PFAS were widely detected in eutopic endometrial tissue. There was no evidence that PFAS in endometrial tissue were associated with a higher risk of endometriosis diagnosis. However, PFOS, PFOSA, and PFHxS in the endometrial tissue were associated with risk of more severe stage of endometriosis. https://doi.org/10.1289/EHP15852.
全氟和多氟烷基物质(PFAS)暴露广泛存在,且与妇科疾病有关。据我们所知,尚无研究对子宫内膜组织中的PFAS进行测量。
从因任何指征接受腹腔镜检查或剖腹手术的“组织中污染物与子宫内膜异位症混合研究”(IMPLANT)参与者中收集在位子宫内膜组织标本(2007 - 2009年)。通过高效液相色谱 - 串联质谱法测量9种PFAS [全氟癸酸(PFDA)、全氟己烷磺酸(PFHxS)、全氟壬酸(PFNA)、全氟辛酸(PFOA)、全氟辛烷磺酸(PFOS)、全氟十二烷酸(PFDoDA)、全氟庚酸(PFHpA)、全氟辛烷磺酰胺(PFOSA)和全氟十一烷酸(PFUnDA)]。外科医生通过金标准可视化诊断子宫内膜异位症,并根据美国生殖医学学会(ASRM)分类,将子宫内膜异位症分期评估为中度和重度(3期和4期),与轻度和轻微(1期和2期)进行比较。我们使用调整了年龄(连续变量)、种族(白人、所有其他种族/族裔)、吸烟状况(血清可替宁)、研究地点(犹他州、加利福尼亚州)和体重指数(连续变量)的修正泊松回归模型,以获得每种PFAS诊断子宫内膜异位症的相对风险(RR)和95%置信区间(CI)。使用贝叶斯核机器回归评估PFAS混合物。
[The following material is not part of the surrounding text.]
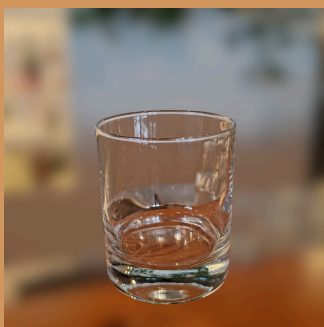
Copo On The Rocks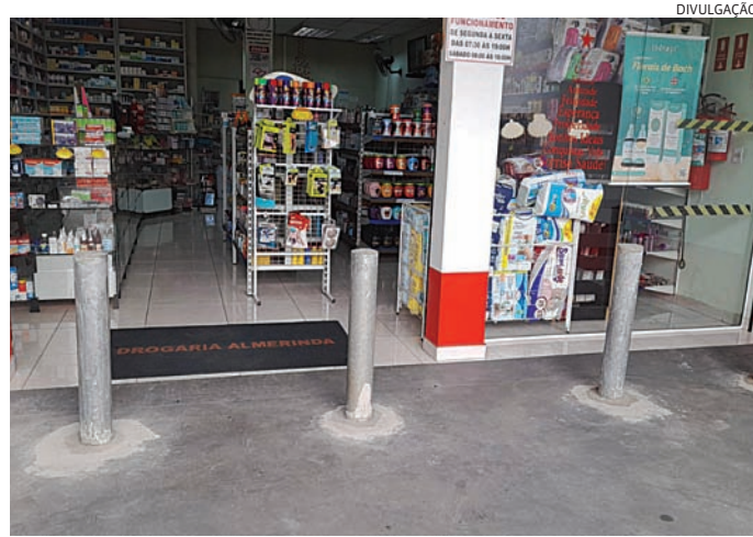
Os estabelecimentos precisam instalar barras de aço na calçada

Em março, uma farmácia no Almerinda Chaves foi assaltada. Segundo a proprietária que falou com exclusividade ao Jornal de Jundiaí, o prejuízo foi de mais de R$ 5 mil, já que precisou fazer o conserto da porta. "Como eu não comercializo as canetas emagrecedoras, eles levaram

参与者平均年龄为 岁,75%的参与者为非西班牙裔白人。在181例新诊断为子宫内膜异位症的参与者中,73%处于ASRM 1期或2期,而27%处于3期或4期。在位子宫内膜组织水平的中位数[四分位间距(IQR)],以每克纳克计,PFOS为6.58(6.44),PFOA为1.93(1.71),PFHxS为0.65(0.75),PFNA为0.58(0.52),PFOSA为0.12(0.18)。子宫内膜组织中的PFAS与子宫内膜异位症无关。然而,在位组织中某些PFAS与更晚期(3期或4期对比1期或2期)子宫内膜异位症的风险相关[PFOSA (95% CI:1.10,1.43),PFHxS (95% CI:1.12,1.68),PFOS (95% CI:1.02,1.81)]。